One of the hallmarks of tumor growth is overexpression of growth factors and their receptors. IGF-1 is a well-known growth factor that has a role in cell signaling and progression [,]. To date, studies on gastric cancer and IGF-1 have yielded inconsistent results. Serum IGF-1 levels were considerably lower in patients than in controls in a study that included 20 patients with gastric cancer and 20 healthy controls. This finding supports the idea that IGF-1 dysregulation plays a role in the pathophysiology of gastric cancer []. In another study of 26 patients with gastric adenocarcinoma (M/F = 15/11, mean age 65 years), serum IGF-1 levels were measured. All gastric cancer patients had higher IGF-1 serum levels compared with healthy participants. There was a significant decrease in IGF-1 levels after surgery (day 14), and this decrease was still present late in the postoperative period (day 50) []. In our study, IGF-1 levels were significantly lower in gastric cancer patients compared to the healthy control group. Similarly, in a meta-analysis conducted in 2021, IGF-1 levels were lower in gastric cancer patients than in healthy individuals []. The decrease in IGF-1 in serum is the combined result of two distinct mechanisms.
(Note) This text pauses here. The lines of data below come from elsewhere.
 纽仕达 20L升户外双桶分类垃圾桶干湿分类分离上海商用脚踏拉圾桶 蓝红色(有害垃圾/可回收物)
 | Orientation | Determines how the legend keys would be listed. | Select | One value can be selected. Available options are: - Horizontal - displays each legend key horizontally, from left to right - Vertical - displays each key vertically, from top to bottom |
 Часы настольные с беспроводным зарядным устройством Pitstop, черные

In tumor tissue, the IGF-1/IGF-1R interaction may be increased, activating intracellular PI3K/AKT and MAPK signaling pathways, increasing proliferation, and causing local depletion of IGF-1. At the same time, elevated IGFBPs in the circulation (serum) bind IGF-1, thereby reducing its biologically active fraction. In other words, the decrease in serum levels is due to both excess utilization in the tissue and binding in the circulation; both mechanisms lead to the same result (decreased serum levels) but operate in different ways. These mechanisms may explain why IGF-1 expression appears elevated in gastric cancer tissues [,] while it is decreased in serum. These findings also support the clinical utility of IGF-1 as a potential biomarker, as reflected by its significant AUC value (0.824) in the ROC analysis.
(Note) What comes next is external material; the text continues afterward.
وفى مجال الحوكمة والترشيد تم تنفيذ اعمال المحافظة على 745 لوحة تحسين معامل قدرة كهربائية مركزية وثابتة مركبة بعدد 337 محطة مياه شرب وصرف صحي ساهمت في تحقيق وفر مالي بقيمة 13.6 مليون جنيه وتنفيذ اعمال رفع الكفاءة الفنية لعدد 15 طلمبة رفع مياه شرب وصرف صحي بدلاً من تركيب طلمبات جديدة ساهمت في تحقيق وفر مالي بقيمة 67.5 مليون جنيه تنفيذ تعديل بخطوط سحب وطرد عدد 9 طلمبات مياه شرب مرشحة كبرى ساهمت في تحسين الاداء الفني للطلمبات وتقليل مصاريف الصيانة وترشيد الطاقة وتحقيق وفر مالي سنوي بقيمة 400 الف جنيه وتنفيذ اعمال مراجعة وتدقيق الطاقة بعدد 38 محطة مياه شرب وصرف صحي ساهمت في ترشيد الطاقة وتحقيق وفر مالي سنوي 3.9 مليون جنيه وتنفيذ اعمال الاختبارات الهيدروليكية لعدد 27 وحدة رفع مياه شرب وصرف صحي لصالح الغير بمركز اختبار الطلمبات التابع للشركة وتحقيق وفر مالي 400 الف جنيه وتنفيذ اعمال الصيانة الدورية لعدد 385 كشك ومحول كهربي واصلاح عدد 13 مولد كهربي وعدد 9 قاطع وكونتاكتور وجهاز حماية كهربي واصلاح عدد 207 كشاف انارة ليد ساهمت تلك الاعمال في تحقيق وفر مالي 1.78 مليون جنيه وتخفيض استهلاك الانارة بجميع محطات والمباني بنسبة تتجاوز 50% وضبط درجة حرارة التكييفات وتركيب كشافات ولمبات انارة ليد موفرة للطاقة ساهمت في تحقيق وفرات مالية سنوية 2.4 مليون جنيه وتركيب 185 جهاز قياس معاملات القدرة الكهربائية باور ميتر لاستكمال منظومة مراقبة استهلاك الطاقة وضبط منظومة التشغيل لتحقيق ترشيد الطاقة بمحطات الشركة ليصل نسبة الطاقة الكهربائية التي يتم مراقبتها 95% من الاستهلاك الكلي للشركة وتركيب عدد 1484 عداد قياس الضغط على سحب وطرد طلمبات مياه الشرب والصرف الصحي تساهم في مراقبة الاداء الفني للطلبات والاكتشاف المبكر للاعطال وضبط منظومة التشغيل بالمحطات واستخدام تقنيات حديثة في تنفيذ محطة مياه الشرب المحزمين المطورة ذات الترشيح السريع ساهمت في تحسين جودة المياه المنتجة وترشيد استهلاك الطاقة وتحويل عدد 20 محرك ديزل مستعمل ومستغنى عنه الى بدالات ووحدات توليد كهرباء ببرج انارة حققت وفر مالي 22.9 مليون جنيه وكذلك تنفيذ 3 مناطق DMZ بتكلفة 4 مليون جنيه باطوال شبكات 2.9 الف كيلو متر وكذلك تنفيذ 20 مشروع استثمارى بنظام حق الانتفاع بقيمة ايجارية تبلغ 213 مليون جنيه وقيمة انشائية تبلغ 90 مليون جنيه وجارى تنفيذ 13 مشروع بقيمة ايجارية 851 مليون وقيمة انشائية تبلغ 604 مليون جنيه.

IGFs bind to their IGFBPs in order to initiate signaling []. Among these, IGFBP-4 can bind to IGFs with high affinity and inhibit their function []. IGFBP-4 serum levels were found to be higher in breast cancer [], epithelial ovarian cancer [], and lung cancer []. However, there is no clinical study on serum IGFBP-4 levels in patients with gastric cancer. Yi et al. investigated IGFBPs in 11 gastric cancer cell lines. Overexpression of IGFBP-4 was observed in all cell lines []. Similarly, a bioinformatic study demonstrated increased IGFBP-4 levels in gastric cancer tissues []. In a study conducted with 375 cancer samples, it was also found that IGFBP-4 levels were higher in gastric cancer tissues and MKN28, MKN45, HGC27, BGC823, MGC803 and AGS gastric cell lines []. In line with previous findings, in our study, IGFBP-4 levels were also increased in gastric cancer serum samples. The results of our study suggest that IGFBP-4 may have a potential role in gastric cancer diagnosis. As previously mentioned, IGF-1 is a potent mitogenic factor that supports cell proliferation, differentiation, and metastatic processes. Therefore, low serum levels may seem contradictory at first glance. However, this situation is thought to be due to increased consumption in tumor tissue [], binding via IGFBPs and decreasing bioavailability, or systemic metabolic reprogramming. The high IGFBP-4 levels in our study, in particular, suggest that IGF-1 may be present in a more bound form in the circulation, leading to a decrease in its active unbound fraction. This finding indicates that the increase in IGFBP-4 may contribute to reduced IGF-1 bioavailability in serum. Although the ELISA kit used measures total IGF-1, increased circulating IGFBP-4 levels may lead to increased IGF-1 binding and a decrease in its biologically active portion. Moreover, ROC analysis has shown that IGFBP-4 could serve as a moderate biomarker of gastric cancer diagnosis with an AUC of 0.725. Nevertheless, although our findings suggest a possible role for IGFBP-4 in the pathophysiology of gastric cancer, the lack of separate measurement of intact IGFBP-4 levels limits the ability to directly assess the relationship between PAPP-A-mediated proteolysis and IGF bioavailability.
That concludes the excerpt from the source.